NordPass is a great-looking password manager offering both free and paid-for tiers. The free tier is particularly competitive, but the paid version lacks a few features we’ve come to expect from a top-flight password manager.
- Polished interface
- Excellent free tier
- Early adopter of Passkey authentication
- Not as many features as some rivals
- Requires two sets of login credentials to access
- Higher renewal fees, list prices don’t include VAT
- Security XChaCha20 encryption
- SharingPaying subscribers can grant full or limited password access to other NordPass users
- Standalone clientsWindows, Linux, macOS, Android, iOS
Launched in 2019 by Nord Security, best known for NordVPN, NordPass has been adding features at a good pace.
It’s part of Nord’s more serious-minded expansion into the broader world of online security beyond VPNs, and stands up well as a modern, cross-platform password manager.
But is that enough for it to rank as one of the best password manager options? Here are my thoughts.
Free NordPass users can store as many passwords as they like and access them from as many devices as they need to, but only one device can be logged in at a time. In addition, password sharing, file storage and emergency access features aren’t available to free users, and neither are various password strength and breach-checking assessment tools.
Family accounts cover six users and include additional management tools. Like other Nord Security products, NordPass’s listed prices don’t include VAT, which can be a little deceptive when shopping around. A two year individual Premium plan account costs £34.27, inc vat, and renews as a one-year subscription currently listed at a price of £28.68 ex VAT (£34.42 inc VAT). A two-year family account for six users costs £63.07 inc VAT, and thereafter renews annually at £57.48 ex VAT (£68.98 inc VAT).
Bundled subscriptions are also available, including a combination of NordPass, NordLocker encrypted online storage and Trusted award-winner, NordVPN. Business accounts with additional enterprise-friendly features are also available.
- Desktop app needs internet and account login for password access
- Support for two-factor authentication
- Can’t match features of rival password managers
NordPass has standalone, cross-platform desktop and mobile clients, and they’re very nice-looking indeed.

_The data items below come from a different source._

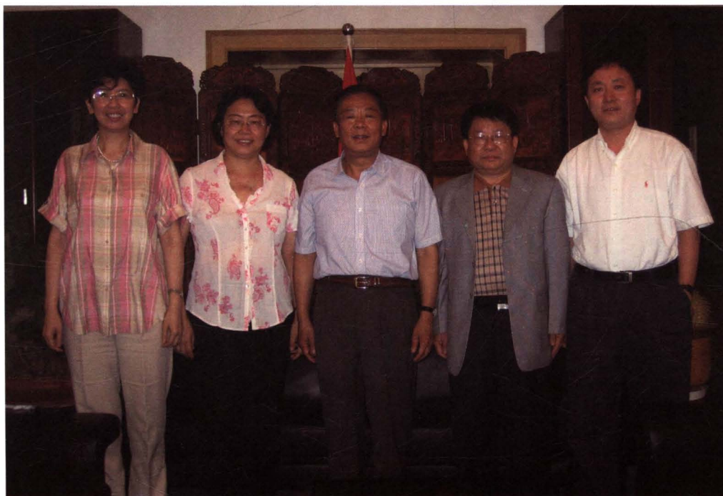
时任国家广电总局王太华局长等在京听取集团工作汇报。
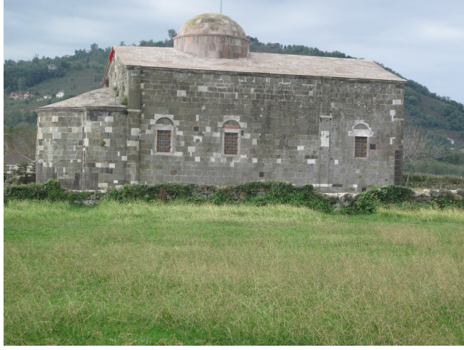
Resim:4, Kuzey Cephesi
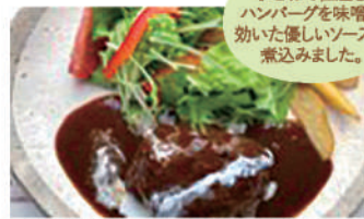
▲味噌デミグラスハンバーグ定食 1,100円
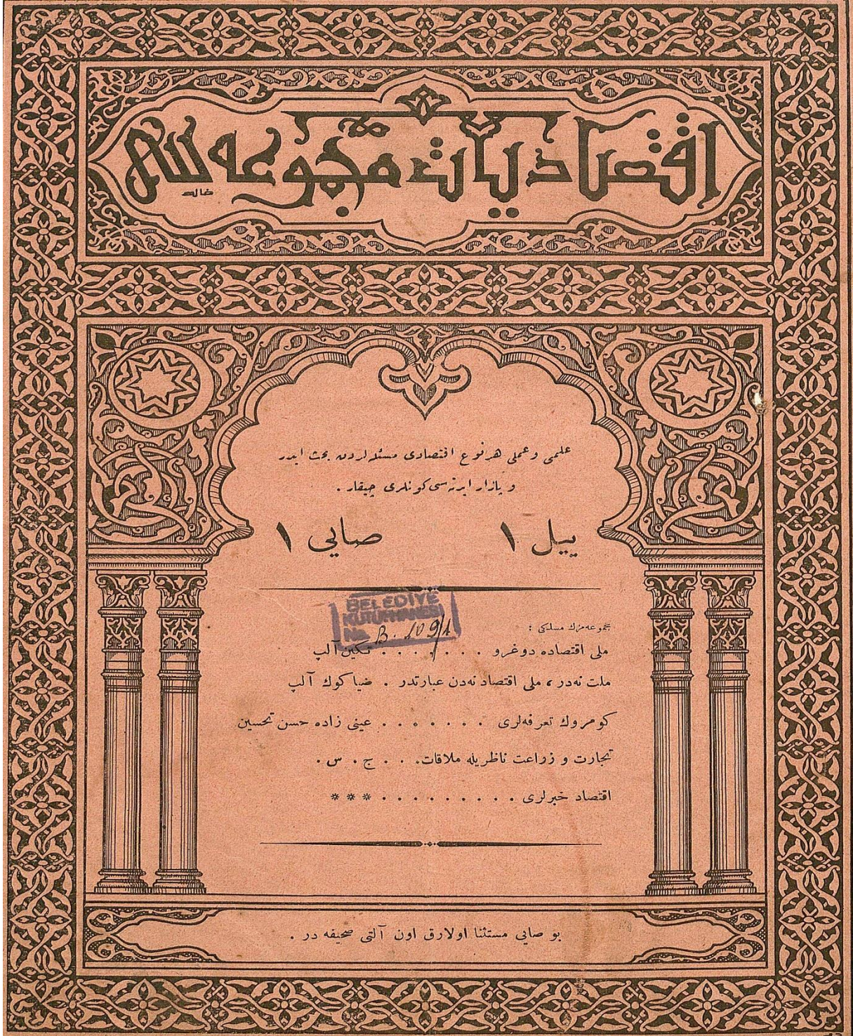
İktisadiyat Mecmuası'nın 21 Şubat 1916 tarihinde yayımlanan birinci sayısının kapağı.
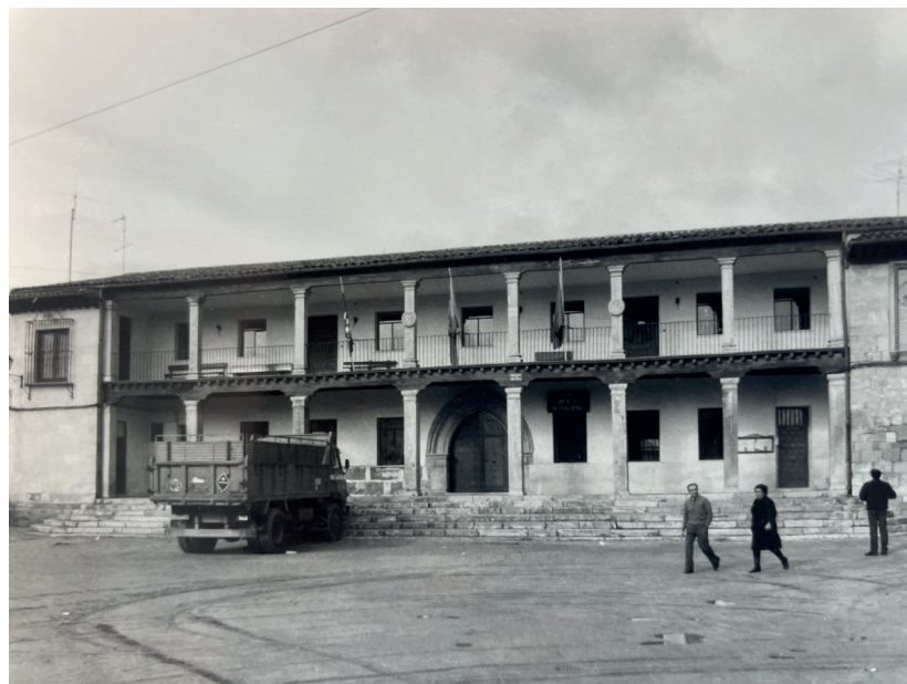
Plaza Mayor. En: Información, clasificación y normativa para los cascos antiguos de la Zona Norte del ámbito de la Comunidad Autónoma de Madrid, 1984.
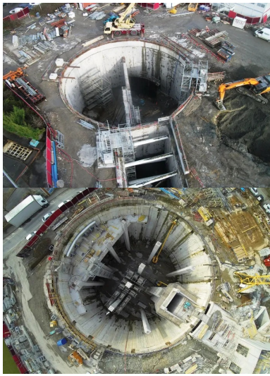
La station de pompage avec la bache de réception en partie centrale.
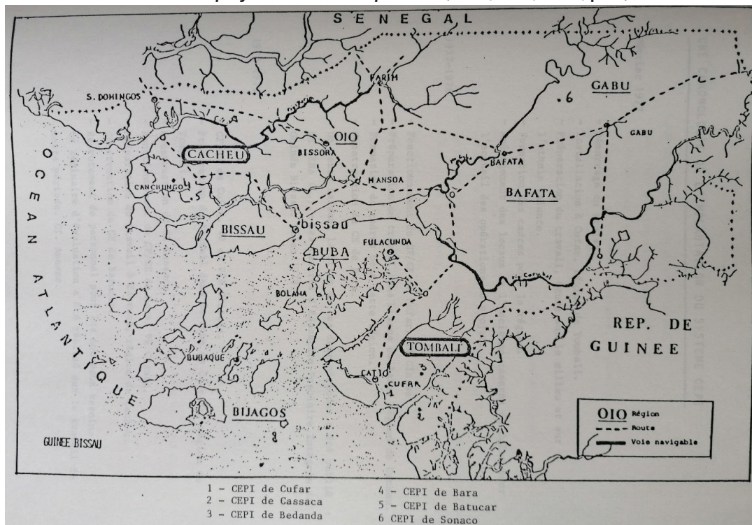
Figure 8 : Luiz de Sena, Création de Centres d'éducation populaire intégrée (CEPI) en Guinée-Bissau. Situation du projet en 1980. Perspectives (Paris, INEP, 1981, p. 6)
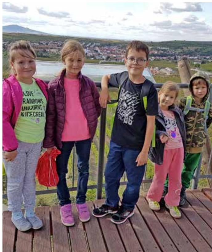
Turistický kroužek ve školní družině
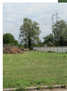
Coupe d'arbres au cimetière
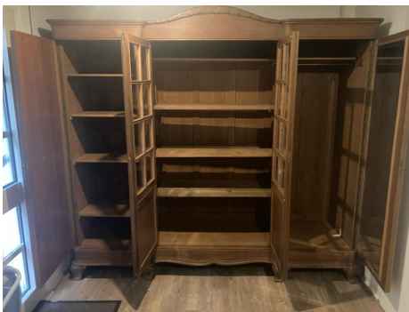
Massiver Eichenkleiderschrank (um 1930), bereits zerlegt, LxTxH 220 x 65 x 185 cm
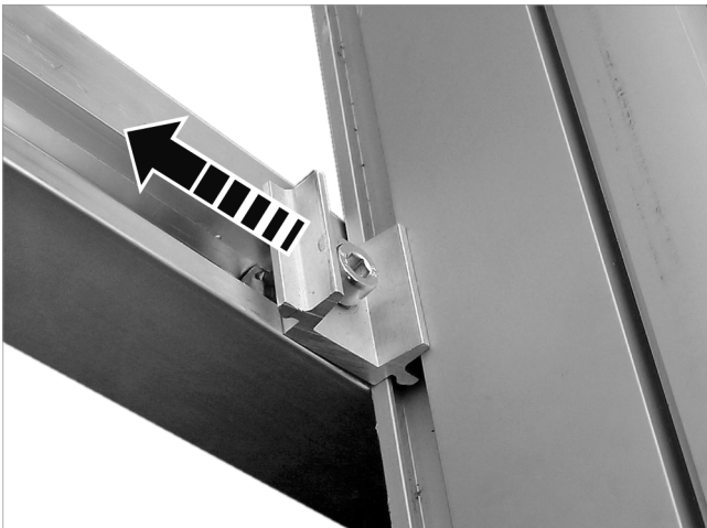
Abb. 1: Alte Kollektoren zusammen mit den Mittelklemmen entfernen

Everything feels very streamlined, easy to parse and uncluttered. The interface is also very consistent between the web vault and all the apps.
However, the Linux desktop version is only available as an official Snap image or a somewhat unstable third-party Flatpak. There’s no option of building from source or using other popular installation formats such as DEB or RPM. The lack of open source code is also a little disappointing given that other Nord apps are open source and the benefits that security contributions from the community have given open source password management rivals such as Bitwarden and KeePass.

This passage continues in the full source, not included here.